Ostrich eggs were used to carry water and were decorated. A large cache of ostrich eggshells engraved with geometric designs demonstrates symbolic communication among African hunter-gatherers. The decorated ostrich eggs date to ca. 65,000 years. Later such eggshells were placed in the graves of children in Sudan.

Stone tools (shown below) have been recovered from Blombos Cave, South Africa. These bifacial points were made about 75,000 years ago. 

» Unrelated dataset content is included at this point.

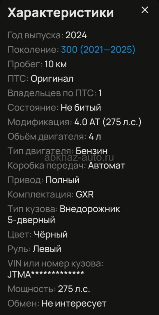 Двигатель: бензиновый, 4 л Трансмиссия: автоматическая Кузов: внедорожник Цвет: черный Пробег: 10 км Год выпуска: 2024 Регион: Гудаута Цена: 7 500 000 руб.

Scale bar: 0.4 inches or 1cm
Credit: Christopher Henshilwood
University of the Witwatersrand
Using bones found at Pinnacle Point Cave in South Africa, archaeologist Corey O’Driscoll identified projectile impact marks which are between 91,000 and 98,000 years old, the oldest direct evidence for the use of projectile weapons. 

Pinnacle Point cave
Human occupation of Pinnacle Point began about 162,000 years ago. The oldest level reveals a fairly sophisticated stone technology in which silcrete stone was heat-treated. Silcrete is a fine-grained stone brought from the South African coast. This is the oldest known example of such technology.

Large pieces of red ochre have been found at Pinnacle Point and at other sites in southern Africa. The pieces were either ground or scraped to produce a pigment for painting the body and for use in burials. The burial of rulers in red ochre was a universal practice among Late Stone Age peoples.